Required action: Your answer must be the listing repeated word for word, without its pictures.

:: Data ::

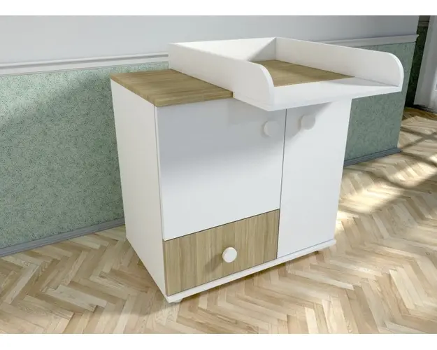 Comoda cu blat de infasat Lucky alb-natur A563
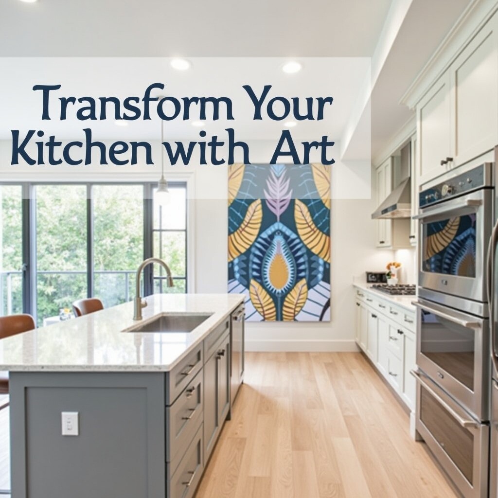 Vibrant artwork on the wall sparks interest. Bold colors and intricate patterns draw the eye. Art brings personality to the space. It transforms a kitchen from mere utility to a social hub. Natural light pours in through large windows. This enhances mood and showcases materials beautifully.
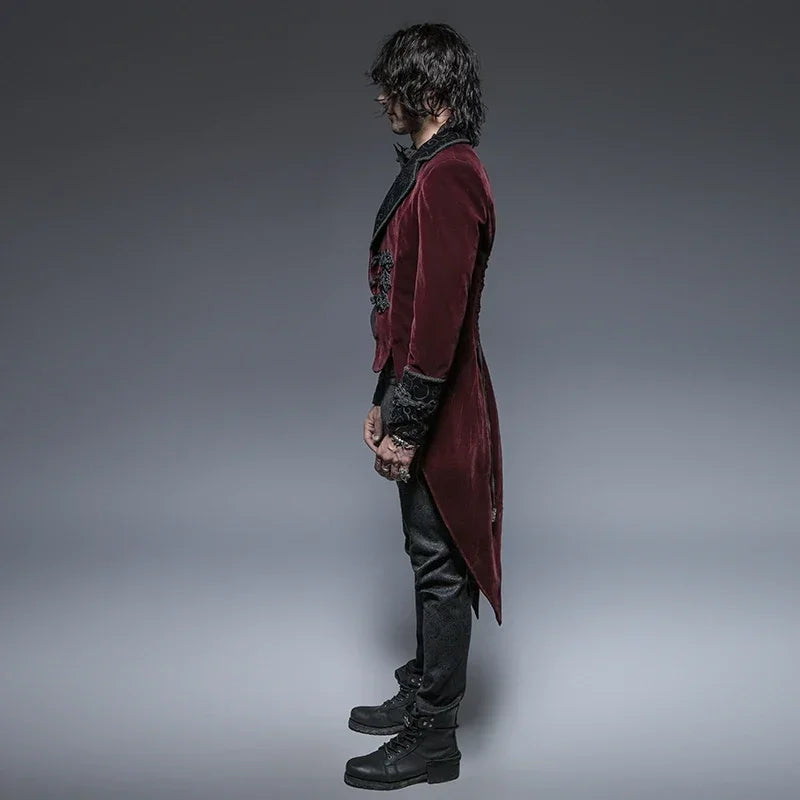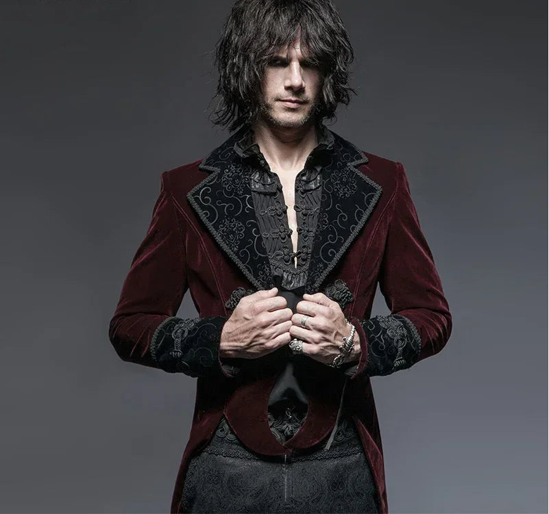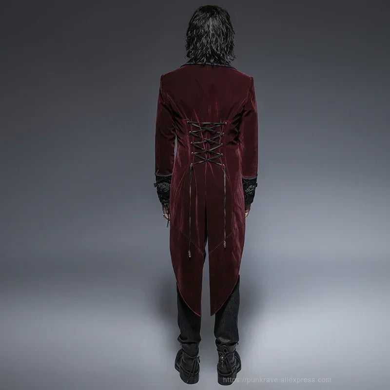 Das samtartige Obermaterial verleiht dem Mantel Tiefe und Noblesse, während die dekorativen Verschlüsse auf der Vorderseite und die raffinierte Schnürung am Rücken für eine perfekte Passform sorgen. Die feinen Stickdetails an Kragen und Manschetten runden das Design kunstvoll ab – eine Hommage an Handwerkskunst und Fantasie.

:::

Response:
 Comoda cu blat de infasat Lucky alb-natur A563
 Vibrant artwork on the wall sparks interest. Bold colors and intricate patterns draw the eye. Art brings personality to the space. It transforms a kitchen from mere utility to a social hub. Natural light pours in through large windows. This enhances mood and showcases materials beautifully.
 Das samtartige Obermaterial verleiht dem Mantel Tiefe und Noblesse, während die dekorativen Verschlüsse auf der Vorderseite und die raffinierte Schnürung am Rücken für eine perfekte Passform sorgen. Die feinen Stickdetails an Kragen und Manschetten runden das Design kunstvoll ab – eine Hommage an Handwerkskunst und Fantasie.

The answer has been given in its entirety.